Find Centroid of Geometries

Analysis Guides

Find Centroid of Geometries

A centroid is a geometric center that is calculated from geometries in a map layer. You can define whether centroids are calculated using all geometries, a group of geometries, or by a singular geometry.

This guide describes how to apply the Find centroid of geometries analysis to find unweighted, or weighted, centers of polygons for geometry groupings.

  • Specifically, we will use bike share usage data, that is aggregated by station.
  • Our goal is to find the geographical, or weighted centroid, of their service cluster to optimize the geographical assignment of vans; which re-balance bike docks if they are running low, or completely filled.

This multi-step process locates the service areas (by applying the Calculate clusters with points analysis), then calculates the weight, by usage, within the identified service areas (by applying the Find centroid of geometries analysis).

For this analysis, a well-formed, coherent research question helps to identify the variables to be used for weights, categories, and aggregation. If working with individual polygons, categorizing by cartodb_id or the_geom allows you to collapse the polygons to their individual centroids.

Clustering Points

Let's explore the Citi Bike data for New York City taken from June 2016. This dataset contains a column called count, that contains the number of times users ended their trip in the month of June. The end_station_name column contains the bike station where they ended their trip in the month of June.

Suppose the New York City Department of Transportation has a budget to position seven vans around the bike share network to reallocate excess bikes to empty stations. This example finds the optimal seven points, given our basic assumptions, according to the dataset.

  1. Import the template .carto file packaged from "Download resources" of this guide and create the map. Builder opens with Citi Bike data as the first and only map layer.

    Click on "Download resources" from this guide to download the zip file to your local machine. Extract the zip file to view the .carto file(s) used for this guide.
    Since our research question states the positioning of seven vans, we would want to form seven clusters of our station points. This analysis, which uses k-means clustering behind the scenes, minimizes the internal distance between points within a cluster while maximizing the distance between clusters.
  2. From the LAYERS pane, click the Citi Bike map layer.

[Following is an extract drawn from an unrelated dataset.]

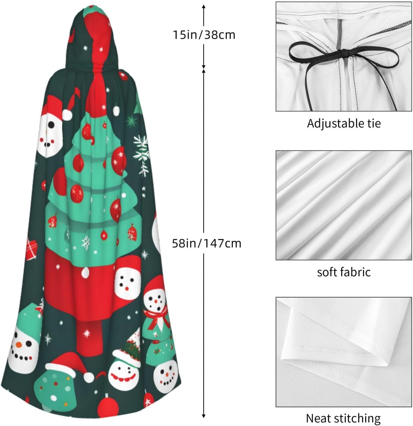Ruba lo spettacolo a qualsiasi evento di Halloween o a tema con il nostro mantello con cappuccio. Realizzato con un tessuto confortevole, non pruriginoso, questo mantello con stampa albero di Natale e pupazzo di neve è progettato per assicurarti di distinguerti tra la folla. Il mantello è facile da indossare e togliere, grazie alla cravatta e all'assenza di una cerniera. Con un design facile da pulire, può essere lavato in lavatrice o a mano per garantire che sia sempre pronto per il tuo prossimo evento. Prova la perfetta miscela di comfort, stile e versatilità con il nostro mantello con cappuccio.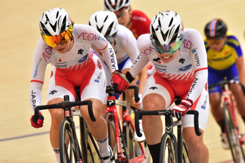 女子マディソンはアジア大会の雪辱を晴らすべく梶原悠未/古山稀絵ペアが出場。レースでは、好位置でレースを進める古山からハンドスリングを受けた梶原が持ち前のスプリント力を生かす形を主に得点を重ね、韓国とマッチレースの状態で終盤へ。倍点となる最終フィニッシュのスプリントで韓国に先着し、日本はマディソンで連覇を果たした。

  3. Click the ANALYSIS tab and apply the Calculate clusters of points option. The source layer must be the layer for which you need the clusters.

  4. Enter 7 as the number of clusters.

  5. Click APPLY.

    Number of cluster for Calculate clusters of points

  6. Switch to the Data View of the Citi Bike map layer, you will see that this step gives a cluster_no to each station, from one to seven.

    The Data View and Map View appear as icons on your map visualization when a map layer is selected. Click to switch between viewing your connected dataset as a table, or show the map view of your data.

    Data View shows cluster_no analysis results

Centroid of Clusters

Now that the cluster assignment of each station has been calculated (the result being the cluster_no column of the map layer), locate a weighted center for these clusters to optimally position the Citi Bike re-balance van.

By definition, a centroid is the geometric center of any geometry. When a centroid is weighted, the "center" is pulled towards areas with higher weights (For example, if one side of a city has a higher population, its weighted center would be closer to the side with more people). It uses a defined data field as weights for each point, and calculates the arithmetic mean position of the points with the bias.
  1. From the Citi Bike layer ANALYSIS tab, click + from Your worflow, to add a second analysis to the chain.

  2. Select the Find centroid of geometries analysis.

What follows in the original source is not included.